JP Cheung1,2*, L Dong3 , P Park4 , XR Zhu1 , RJ Kudchadker1 , SJ Frank1 , LE Court1 , (1) UT MD Anderson Cancer Center, Houston, TX, (2) UT Graduate School of Biomedical Sciences at Houston, Houston, TX, (3) Scripps Proton Therapy Center, San Diego, CA, (4) Emory University, Scottsdale, GA

Presentations

TH-C-BRD-9 Thursday 10:15AM - 12:15PM Room: Ballroom D

Purpose: To determine the ability to adapt discrete spot-scanning proton therapy (SSPT) plans based on geometric changes of anatomy to minimize normal tissue dose and maintain target coverage.

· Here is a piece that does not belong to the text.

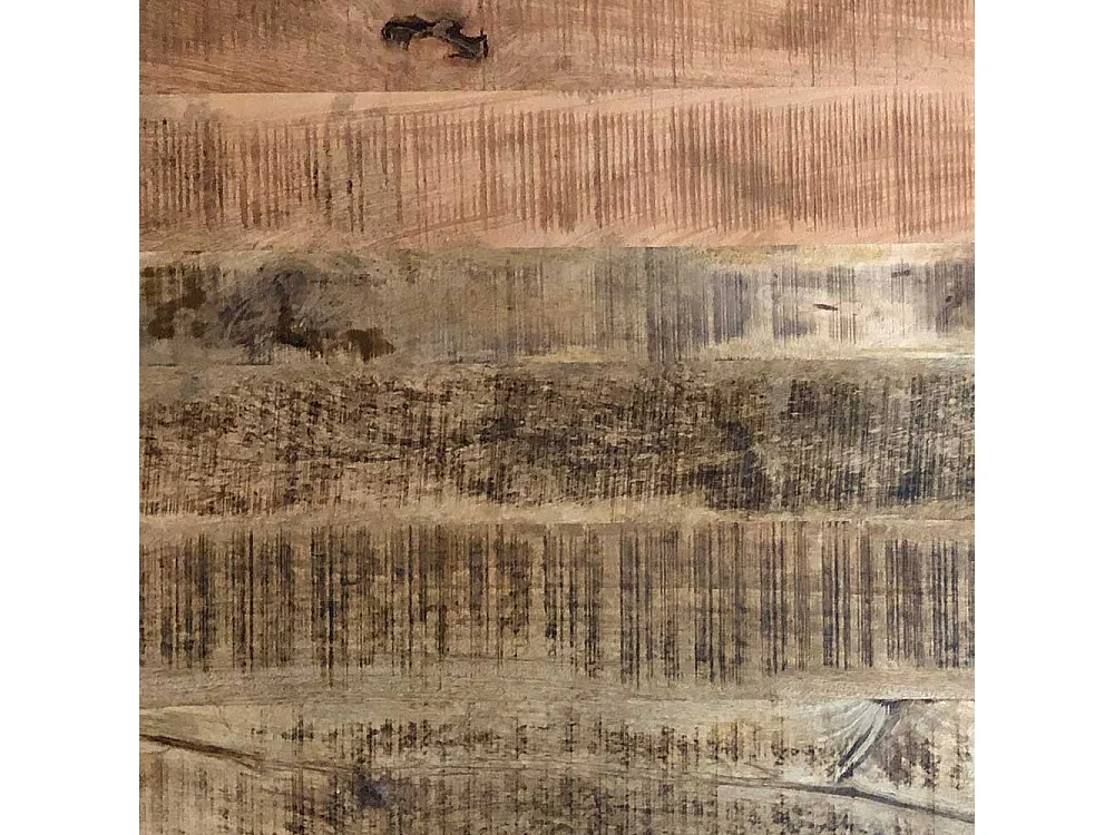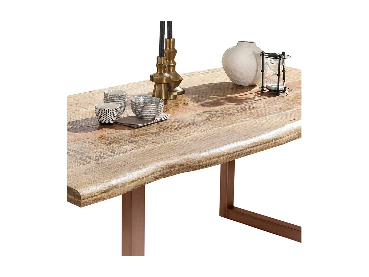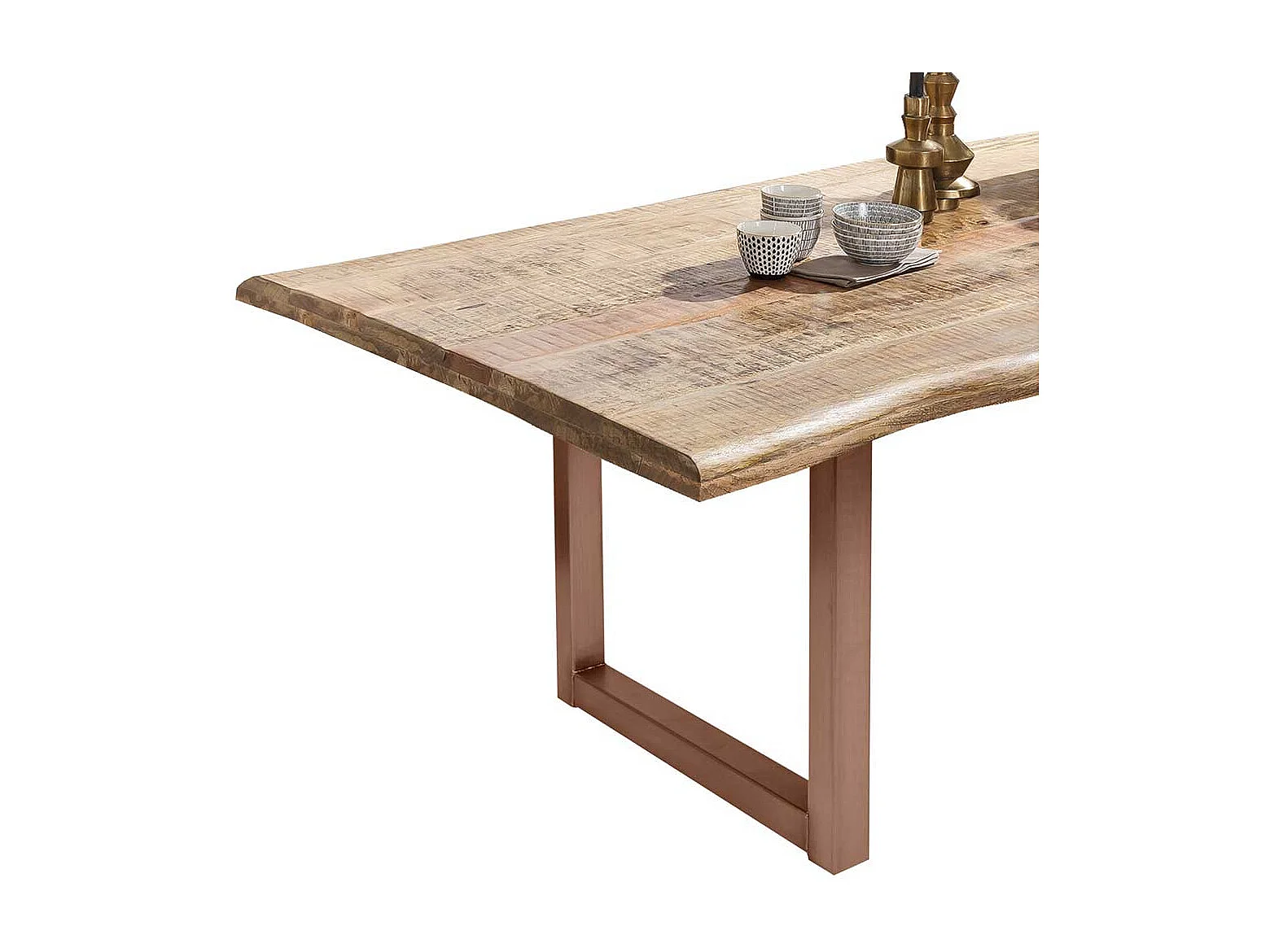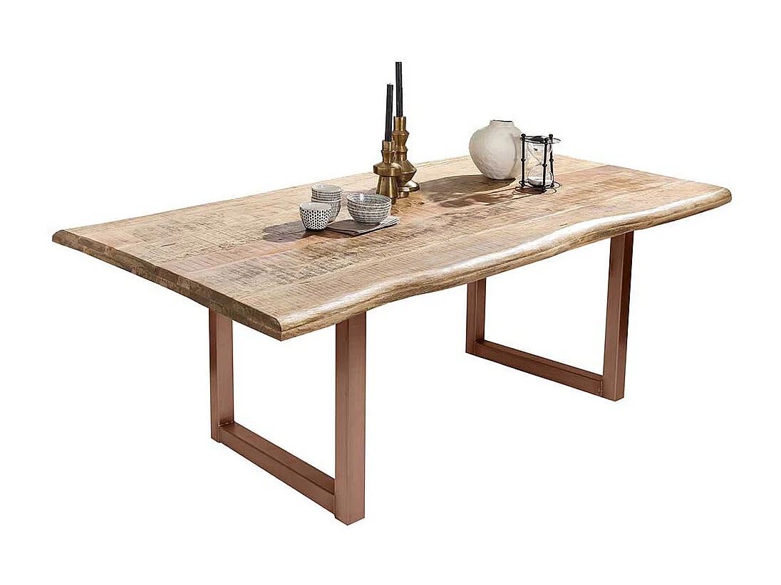 Baumkanten Esstisch aus Mangobaum Massivholz Bügelgestell in Braun
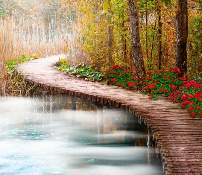 3D Forest Wood Bridge Floor Mural Non-slip, Waterproof  & Removable Rug Mat & Floor Murals

Methods: We developed and tested a range-correction algorithm to compensate for anatomy changes in SSPT with correction factors for target lateral size changes and energy scaling. This algorithm adjusts the energy of each spot from the original optimized treatment plan to match the new daily anatomy based on water equivalent path-length. To correct for the lateral target size changes, the peripheral spots were scaled based on phantom studies with variable target size. For energy change corrections, alternative cumulative scaling factor lookup tables were generated based on calculated central-axis and integral depth dose calculations for different energies. These various adaptive algorithms were performed on 7 lung cancer patients that were previously treated with proton therapy and who required at least one adaptive intervention. Single-field optimized SSPT plans were generated for these patients with clinical beam angles. Dose-volume histogram metrics were obtained for these patients for both the non-adaptive and the different adaptive plans applied to the last available weekly CT scan.

Results: The doses to normal tissue were largely reduced for the spinal cord (Dmax), total lung (V20Gy), and contralateral lung (V20Gy) for all different methods of adaptive planning. With both corrections applied, the average changes for these metrics were -6.2Gy, -2.7%, and -4.9%, respectively. The same method generated unacceptably high target hot spots with average target V110% increase of 12.3%.

Conclusion: Adaptive methods based on direct adjustments to proton range can reduce normal tissue doses under large anatomical changes but are insufficient in achieving clinically acceptable target doses and generate unacceptably sizeable hot spots. Adaptive planning methods for proton therapy will likely necessitate some aspect of reoptimization for acceptable clinical utility.